Action item> Leaving out every picture, please repeat exactly the line that contains "Dick Kettlewell, August" and each line after it through the final line below.

(Items from a dataset)
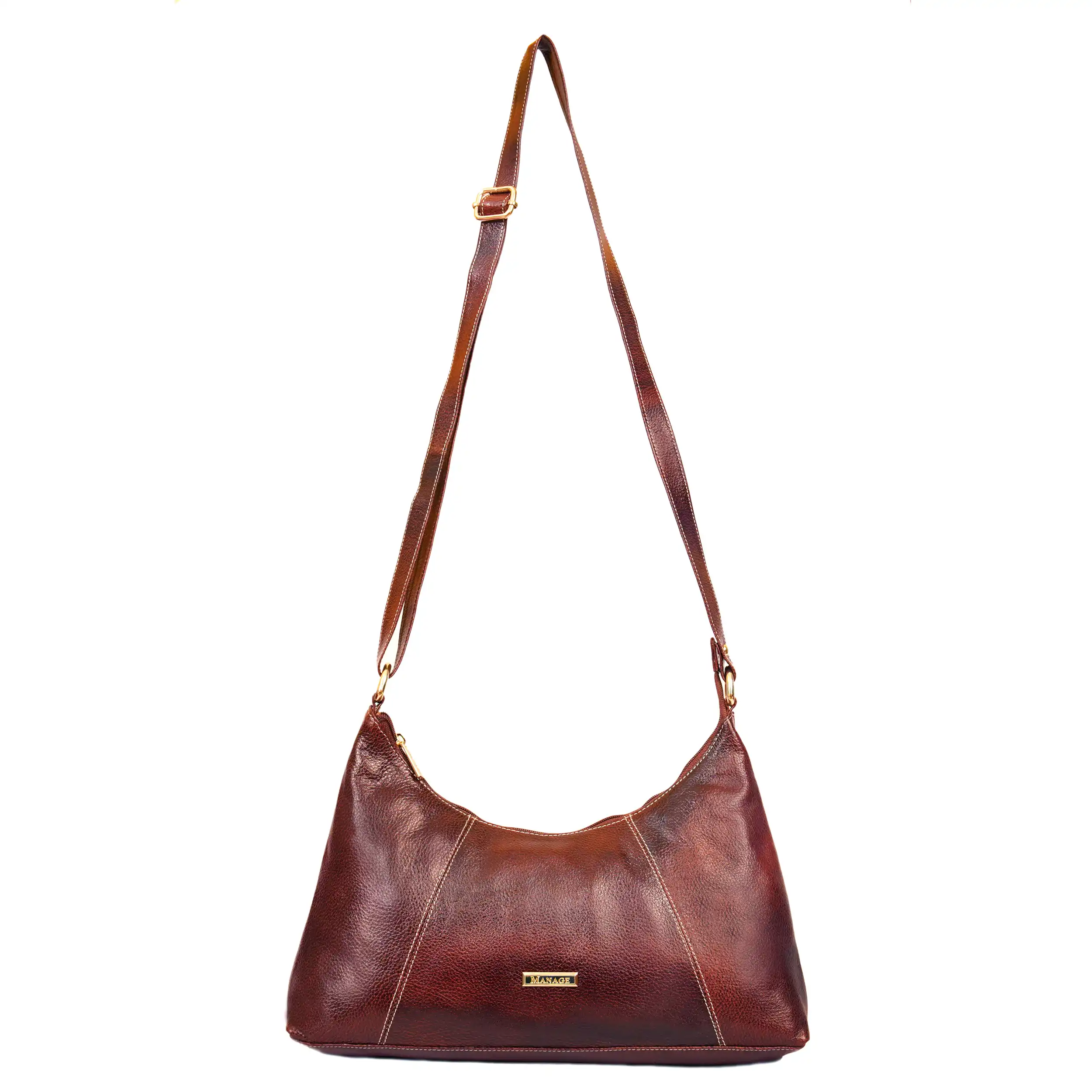 It is Medium sized leather sling bag that you can carry it in different places.
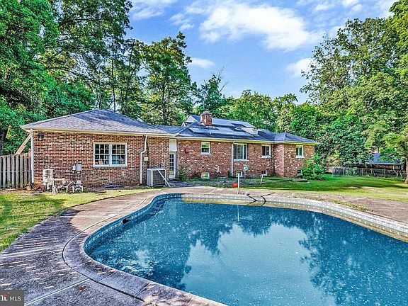 This delightful brick ranch style home exudes warmth and character, set amidst a sprawling 1+ acre lot enveloped by majestic, mature trees. Inside, the home radiates a welcoming ambiance with gleaming hardwood floors and thoughtfully added recessed lighting. The heart of the home is the open living room adorned with a charming brick wood-burning fireplace, enhanced by a skylight and a large picture window that invites in the natural beauty of the surroundings. The primary suite offers a sanctuary of comfort with his & hers walk-in closets and a private ensuite full bath, providing a perfect retreat after a long day. In the heart of the home, the L-shaped kitchen features double ovens, catering to culinary endeavors with ease. Downstairs offers a full unfinished basement framed for a versatile space including a 4th bedroom, 3rd full bathroom, cozy family room warmed by a wood stove insert, convenient kitchenette and bonus rec room adding to the home's appeal, offering plenty of space for relaxation and entertainment. Outside, a 2-car attached garage with a breezeway and additional parking in the horseshoe driveway provide practical convenience. Located in a peaceful, family-friendly neighborhood, the home boasts proximity to shopping, commuter routes, and easy access to Andrews Air Force Base, Washington D.C., and Northern Virginia. This home isn't just a place to live; it's a haven filled with warmth, comfort, and endless possibilities for creating cherished memories. *Pool Condition is unknown. The pool hasn't been used in 3 years. Pool picture has been photo shopped for potential purposes. Basement is framed for kitchenette, living room, full bath, bedroom & bonus room but not finished.* (Home is being sold in "As Is" Condition, Inspections are for Informational Purposes Only.) Accepting Back up Offers
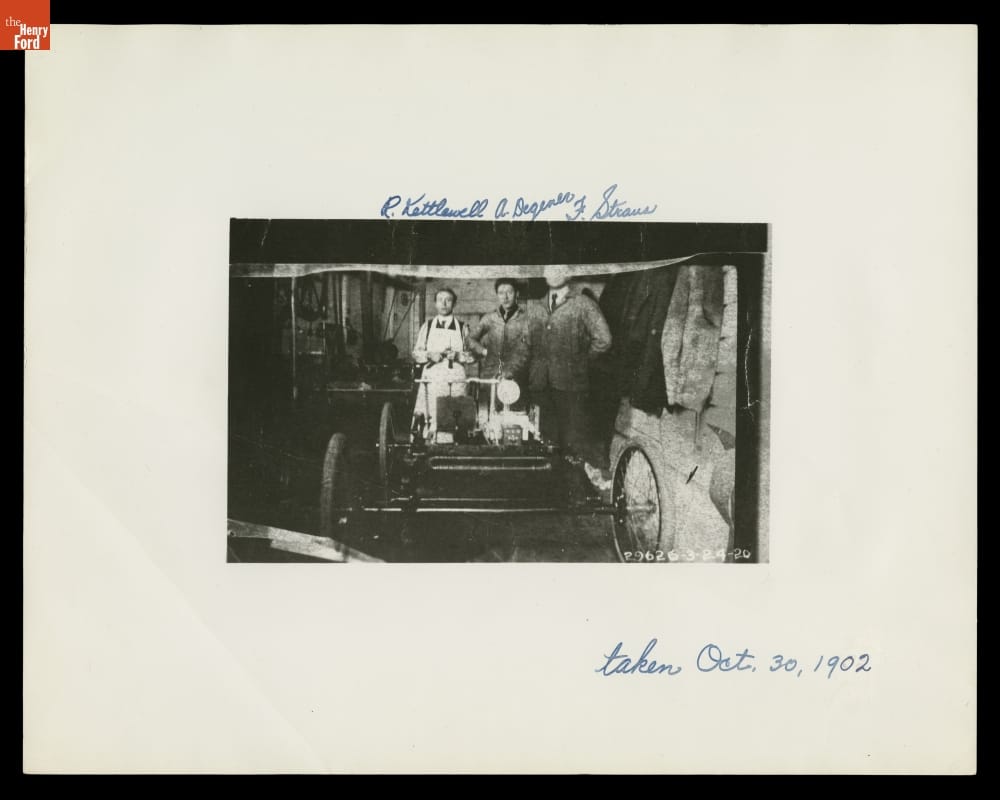 Dick Kettlewell, August Degener, and Frederick Strauss, at Ford & Malcomson Company, October 30, 1902
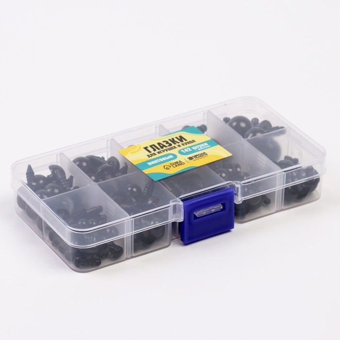 Набор винтовых глазок для кукол и игрушек с заглушками, цвет черный, 142 шт
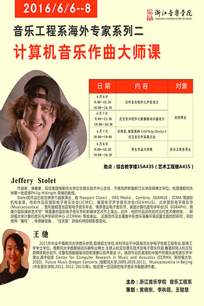 6月7日 18:00--19:00 | 杰弗里.斯图莱特(Jeffery.Stolet)交互音乐作品展示会 | ||

Reply to the exercise>
 Dick Kettlewell, August Degener, and Frederick Strauss, at Ford & Malcomson Company, October 30, 1902
 Набор винтовых глазок для кукол и игрушек с заглушками, цвет черный, 142 шт
 6月7日 18:00--19:00 | 杰弗里.斯图莱特(Jeffery.Stolet)交互音乐作品展示会 | ||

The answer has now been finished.